エースは指を口元に当て、無意識に二ヤついている口を確かめるとなるほどと呟く。

エースは授業中必要になった時以外では原則IS学園内でネクストを展開しないようにしている。

高いAMS適正を持つとはいえ、まったくエースの体に害がないというわけではない。将来的に敵になる可能性がある者達に不用意に情報を晒すのもエースは好みではない。

IS学園は学園という名はもっているが、生徒の一人一人の質は紛れもなく。軍にいるIS学園非卒業者のIS操縦者以上はある。

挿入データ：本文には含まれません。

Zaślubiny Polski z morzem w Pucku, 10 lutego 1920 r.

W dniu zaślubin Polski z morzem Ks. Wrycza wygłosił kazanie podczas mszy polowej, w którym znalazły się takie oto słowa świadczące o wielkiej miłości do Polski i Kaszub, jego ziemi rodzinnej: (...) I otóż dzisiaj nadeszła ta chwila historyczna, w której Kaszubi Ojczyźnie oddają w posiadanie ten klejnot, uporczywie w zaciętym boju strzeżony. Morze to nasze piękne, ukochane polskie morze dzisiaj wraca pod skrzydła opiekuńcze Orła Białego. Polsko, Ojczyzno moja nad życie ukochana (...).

これは、授業や放課後といった日々のIS稼働時間と、それに伴う対IS戦闘経験の差から来るもの。

ただそこにいるだけ意味があるからと言って、まったく動かさない戦わない操縦者と比べれば必然的に質は高い。

つまるところ、対ISという大雑把な括りでは学園生徒は軍を上回る可能性が高い。もし、そんな彼女らが戦場に駆り出されるようなことになったら。

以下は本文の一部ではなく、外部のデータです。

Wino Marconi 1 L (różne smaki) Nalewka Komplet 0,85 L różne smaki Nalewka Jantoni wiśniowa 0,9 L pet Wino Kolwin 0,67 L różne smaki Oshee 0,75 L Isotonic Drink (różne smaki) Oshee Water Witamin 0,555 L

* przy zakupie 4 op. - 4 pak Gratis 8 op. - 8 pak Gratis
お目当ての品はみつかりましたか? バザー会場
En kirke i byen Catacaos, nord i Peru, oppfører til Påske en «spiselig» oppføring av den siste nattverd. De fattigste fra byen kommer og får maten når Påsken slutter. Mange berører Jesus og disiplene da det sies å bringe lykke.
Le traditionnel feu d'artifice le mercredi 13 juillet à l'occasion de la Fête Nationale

少なくとも、エースの危害になる可能性は1%でも増えるだろう。

そしてそんな中、一夏の雪片と零落白夜の威力は明らかに別格だ。

当たればPAを切り裂き装甲を深く抉りAPを大きく削り取るだろう。

だが、それらすべてをまとめてもエースは、戦いを長く続けた者の性なのか。

自身を落とせる可能性がある敵と相対することになったのならば、知らぬうちに喜んでしまうのだろう。

かつていた世界にいた強敵と同じように。

 

「小耳に挟んだが、お前教官の弟。織斑一夏と険悪な関係ようだな」

「あぁそれアタシも聞いて気になってたんだけど、何をしたのよあんたらは」

「なぁに。ただの意見の食い違いで口論からIS使っての喧嘩になっただけさ」

「えぇ……」

「夕暮れの河川敷の下で結び男の友情という奴か。クラリッサが言っていた」

「うーん。まぁそれでいいや」

 

ラウラ、エース、鈴。

正面から見たら凸の字に見えるこの三人が揃ったのは、ラウラは興味本位や、まだまだ慣れない場所であるので知人であるエースについて行きたいから。

エースは当然一夏と喧嘩をするため。

そして、鈴はというとエースに理由は後程話すと説明だけ言われるがまま誘われてついてきている。

というのが建前で、やはり鈴も意中の相手である一夏のプライベートが気になっているだけである。

適度に会話をしつつ、徒歩10分。

第六に到着したエースらは入口にて別れた。